И таких «мертвых» зацепов случилось большинство. С этих самых сработавших восьми жерлиц сняли только три средних налима. Причем одного долго выпутывали из коряг. Леску остальных пришлось резать. Ошибка была очевидна: катушки жерлиц были оснащены двенадцатью метрами лески. Для налима – любителя коряг – это много. Достаточно было оставить два-три метра свободного хода и результат был бы другой.
Следующей ночью мы ходим к жерлицам. Снимаем еще шесть налимов. Самого крупного из них, тяжелее килограмма, фотографируем на фоне оседающего снега.

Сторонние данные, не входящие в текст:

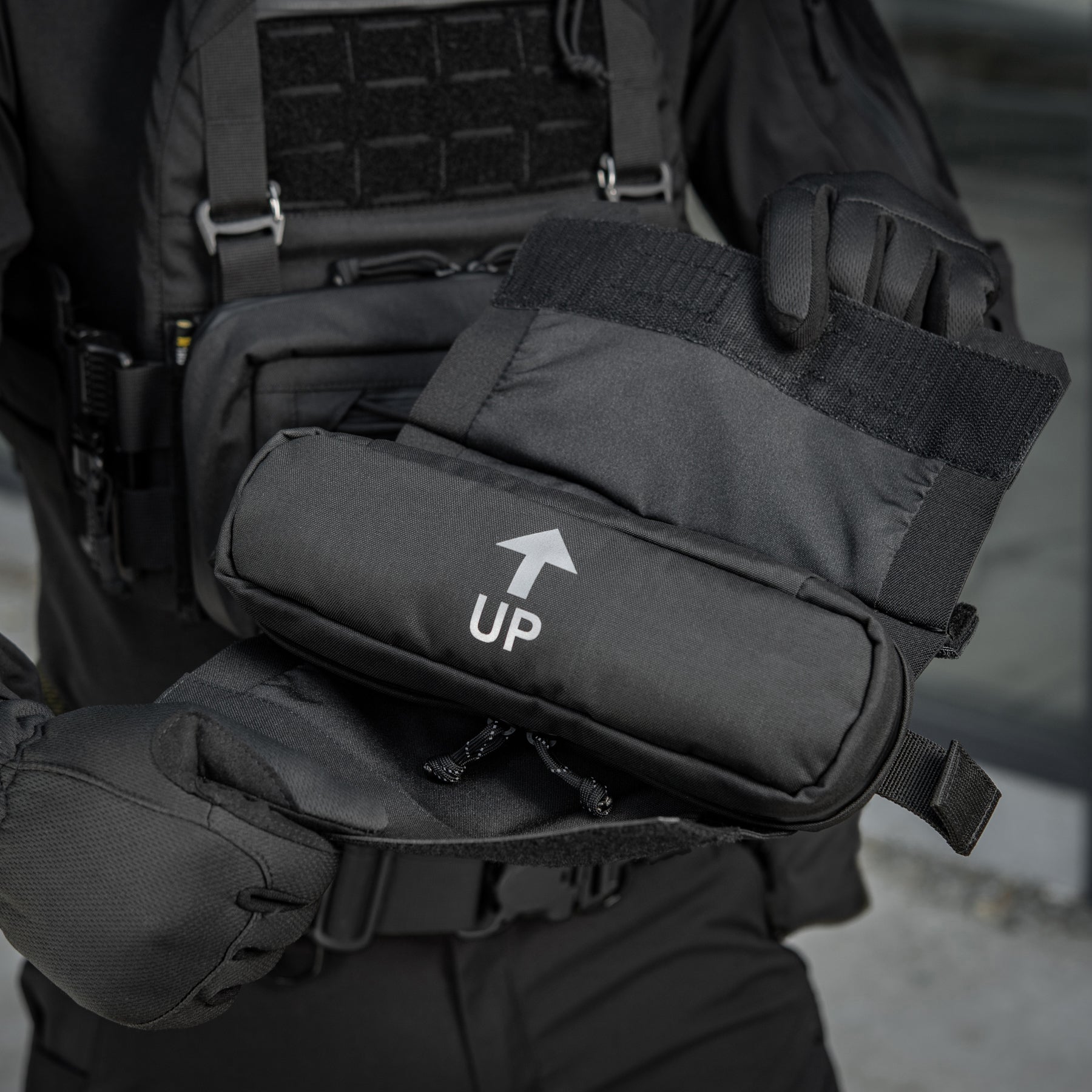 The outer shell is volume-adjustable and allows dual-side access to the IFAK. A quick-pull strap on the IFAK enables rapid deployment, and the two parts connect via VELCRO® Brand to prevent accidental loss.

На следующий день солнце на озере палило по-летнему. Снег раскисал на глазах и верхний слой льда падал под ногами. Вместе с этим льдом падало настроение. Нехорошее предчувствие давило где-то под селезенкой...
– Поплывем, Пашка. И жерлицы не снимем. Сейчас с каждым часом лед моет на Кокшаге.
– Нет, толстый еще лед, – уверен товарищ.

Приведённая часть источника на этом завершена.